- Directed by: Richard Ledes
- Written by: Richard Ledes
- Starring: Michelle Williams Meat Loaf Aday
- Release date: 2004;
- Running time: 97 minutes
- Country: United States
- Language: English

= A Hole in One =

A Hole in One is a 2004 film co-starring Michelle Williams and Meat Loaf. The film marked the feature debut of writer/director Richard Ledes. It received its premiere at the Tribeca Film Festival in 2003.

==Plot==
Anna (Michelle Williams) is a young woman in an American suburb in the early 1950s. She is disturbed by her family’s rejection of her brother, a World War II veteran who comes home shell shocked. The impressionable girl is lured into a relationship with Billy, a local mob boss. When Anna’s brother dies and she witnesses Billy murder a local nightclub owner, she is driven to the edge of sanity. She develops a fixation with mental health that drives her to seek out a transorbital lobotomy. Anna learns about the procedure through sensational newspapers and Life magazine, which advertises the operation as the new vogue in American medicine. Also, her small town is buzzing about it when Dr. Harold Ashton, the foremost practitioner of this brand of lobotomy, comes to town. He starts performing the “icepick lobotomy” on alcoholics, veterans, and other troubled outsiders.

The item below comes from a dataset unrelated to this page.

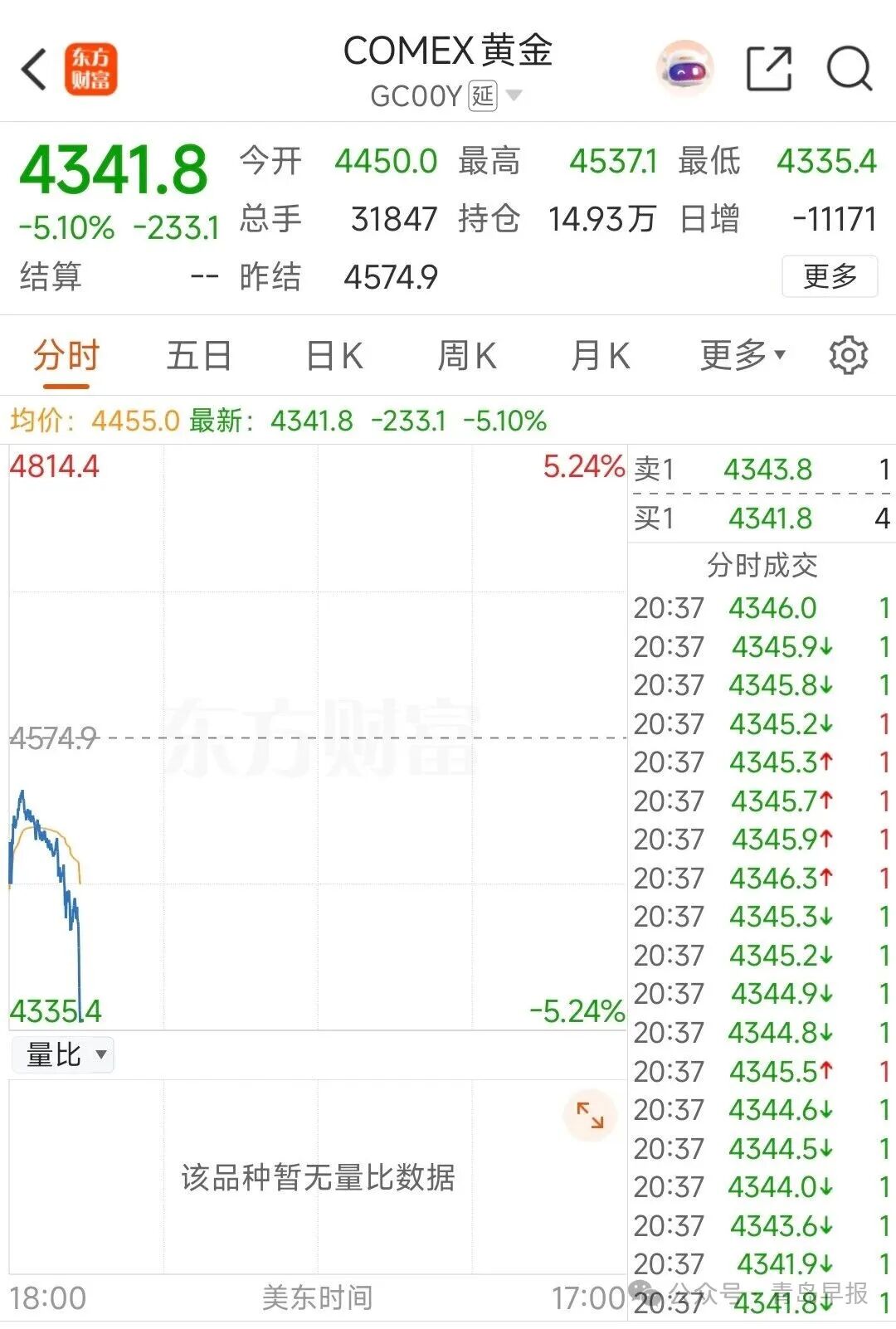 国际金价上演断崖式下跌

Billy is concerned with his girlfriend's obsession. He directs his girlfriend to a fake clinic fronted by Tom, a Korean War veteran on Billy’s payroll who masquerades as a neurologist. Tom convinces Anna to delay the procedure and visit him that night. Tom and Anna share their traumas with one another and grow closer. Billy finds them together and sets off a final conflict that draws the film to a close.

==Development==
The idea for A Hole in One was born out of a performance piece Ledes had staged at the American Fine Arts Gallery in SoHo in the early 1990s. The performance was based on the records of a WWII veteran who had experienced a psychotic break and for whom it had been recommended that he receive a lobotomy. Ledes conducted extensive research for the film over many years, including volunteering at an outpatient center for severely mentally ill. Additionally, he visited George Washington University, which holds the archives of Dr. Walter Freeman.

Rather than doing a documentary on Freeman or case studies on mental illness, Ledes opted for fiction:

  - “I never considered doing a documentary. For me it was always important to tell the story in this way. That there were truths about the subject of mental illness and the use of transorbital lobotomy that were inseparable from the truths that one finds in storytelling rather than the true and false of science.”

Ledes’ screenplay draws heavily on documents such as the New York Departmental of Mental Hygiene Annual Report of 1953.
In his DVD commentary for A Hole in One, Ledes mentions other insightful sources: Great and Desperate Cures: The Rise and Decline of Psychosurgery and Other Radical Treatments for Mental Illness and Last Resort: Psychosurgery and Other Radical Treatments for Mental Illness by Jack David Pressman. He also cites The Lobotomist: A Maverick Medical Genius and His Tragic Quest to Rid the World of Mental Illness by Jack El-Hai, which came out after A Hole in One, as a reliable reference point.

Ledes has compared the character of Dr. Ashton to Dr. Strangelove. While he isn’t modeled on one historical person, he is derived from real-life figures.

==Reception==
As of June 2014, the film scores 17% on Rotten Tomatoes from 12 reviews.